Alphonso is considered the king of mangoes in India. They are large in size with bright yellow skin. Alphonso has a creamy, rich, sweet, and juicy flavor and smooth texture.

What is the difference between curd and yogurt? ›

Both curd and yoghurt contain bacteria, which The amount of bacteria in yoghurt is significantly higher when compared to curd. Also, in curd, the bacterial population is a mixed bag. Whereas, while preparing yoghurt, specific types (or strains in scientific terms) of bacteria are used.

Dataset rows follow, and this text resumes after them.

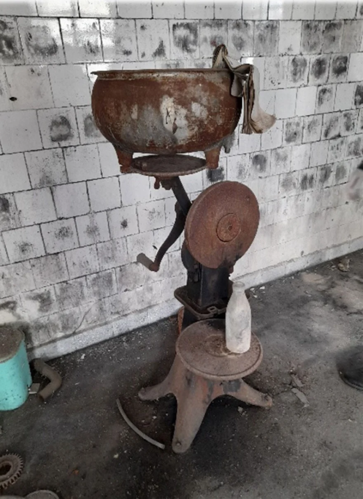 The study involves the conservation of elements of the historic mechanical equipment in the Neo Voustatiou building, as well as selected, metal and wooden farm objects. The metal objects include manger, signs with animal names, water supply elements of the older watering system, in the storage areas, silos for processing, mixing and distribution of feed. Farm tools, with wooden and metal preservation elements, include forks (an agricultural tool used to assist in the process of fertilization), sickle, rake, sieve, dummy, sprayer, milk cans.
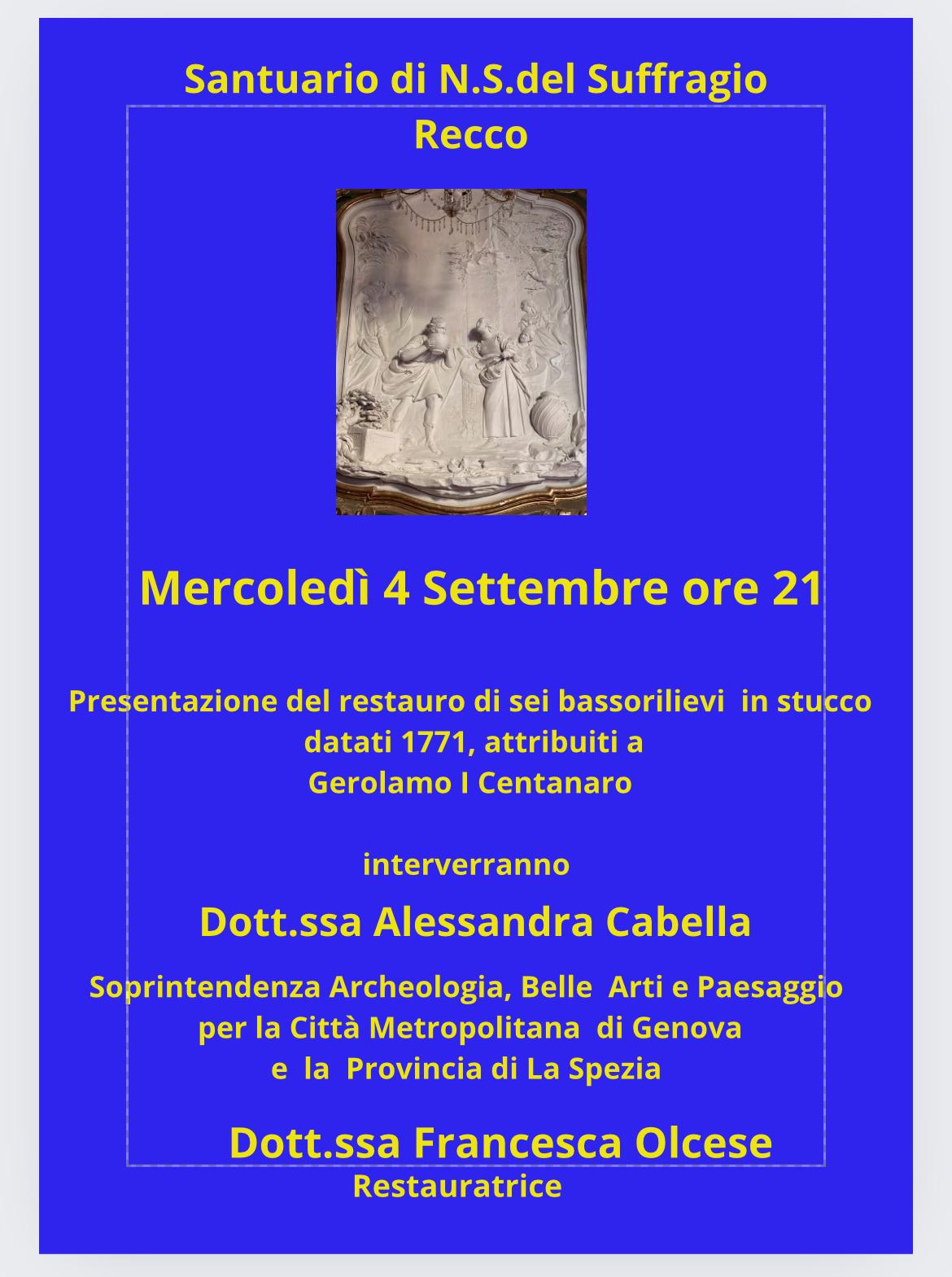 Mercoledì 4 settembre alle ore 21, il Santuario di Nostra Signora del Suffragio a Recco aprirà le sue porte per mostrare al pubblico il risultato di un intervento di restauro che ha riportato alla luce la bellezza originaria di sei preziosi bassorilievi in stucco risalenti al 1771.
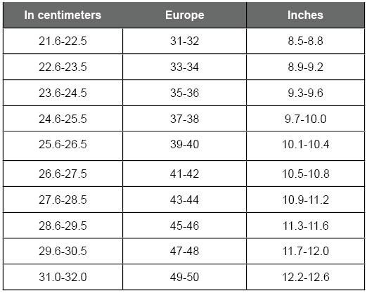 At Ledaerfins we are committed to make your online shopping experience as easy as possible. The best way to make sure that you order the right size is to measure your feet and then compare it with the size chart below to find the appropriate size. Please follow these 4 simple steps to accurately measure your feet:
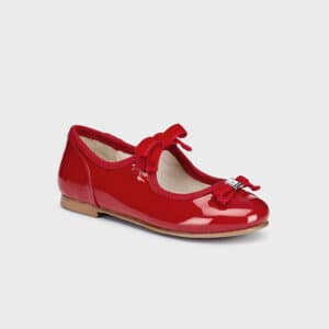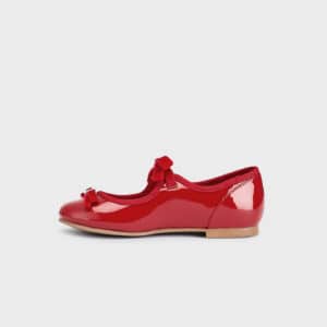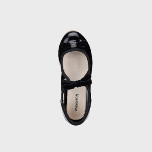 Elegant, feminine ballerina pumps for Older girls. This will be the finishing touch for all of their most special outfits. Shoes with inner lining and leather insole. Patent leather outer material. Non-slip, flexible rubber sole for a comfortable step. Footwear with elastic detailing which allows a quick and easy fit. Decorative elements: bow applique.Â
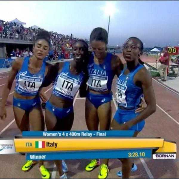 TARRAGONA. Si chiamano Maria Benedicta Chigbolu, Ayomide Folorunso, Raphaela Lukudo e Libania Grenot (campionessa europea): hanno la pelle nera ma sono loro ad aver fatto trionfare l'Italia nella staffetta 4X400 donne ai Giochi del Mediterraneo di Tarragona. Con un tempo di  3'28"08 hanno conquistato l'oro.
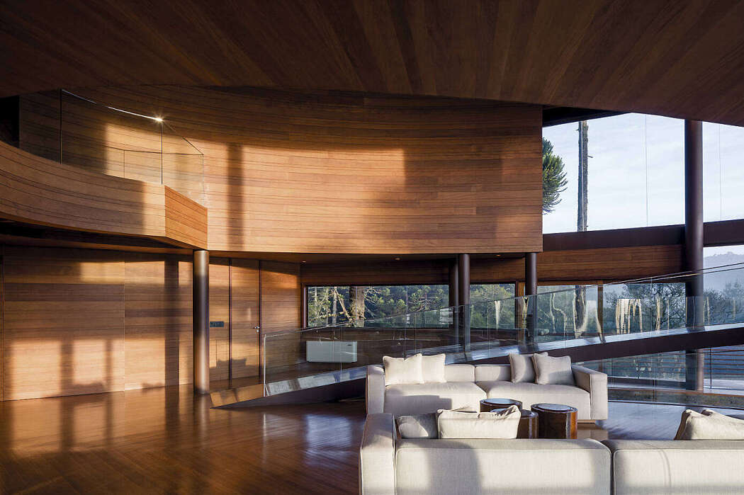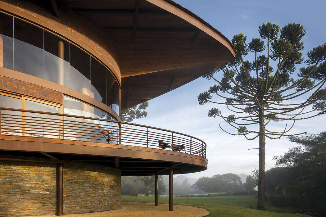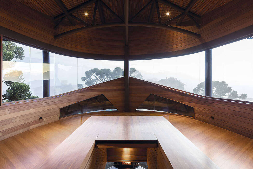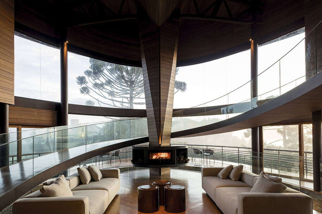 Above the social space lie four suites and a home office, offering 180-degree vistas of the mountains and native ARAUCARIA trees. The roof’s intricate geometry unmistakably echoes the PINHÃO, tying the design back to nature.

Which fruit is best with curd? ›

Take fruits like banana, strawberry, mango, chikku and other such fruits in a blender and add a cupful of thick curd. Add sugar and ice if desired.

What's the difference between curd and yogurt? ›

Curd typically has a looser texture and a milder flavour, as its fermentation process is less controlled. yoghurt, on the other hand, undergoes a more controlled fermentation, resulting in a thicker, custard-like consistency and a distinct tangy taste.

What does mango flavor taste like? ›

Some mangoes are sweet and have a tropical, fruity flavor, while others can be more tart and have a more complex, citrus-like taste. The texture of mangoes can also vary, with some being firmer and others being softer and more juicy.

What is artificial mango flavor made of? ›

ethyl 2-methyl butyrate, diethyl malonate, ethyl acetate, ethyl butyrate, allyl hexanoate, allyl 3-cyclohexylpropionate, allyl heptanoate, hexyl acetate, isoamyl acetate, amyl acetate, and isoamyl hexanoate were used to impart fruity note of mango flavor.

What does mango hot sauce taste like? ›

This mango hot sauce is spicy and a little bit sweet from the mango. Thicker than usual it's so versatile to add a bit of chilli spice to your dishes and makes for a fun Christmas gift.

Does mango syrup have mango? ›

Ingredients: FRUCTOSE, SUGAR, MANGO JUICE, WATER, CITRIC ACID, MANGO FLAVOR, CLOUDY AGENT, LACTIC ACID, ACESULFAME POTASSIUM, POTASSIUM SORBATE (AS PRESERVATIVE), GLYCINE, FD&C YELLOW #5, FD&C YELLOW #6.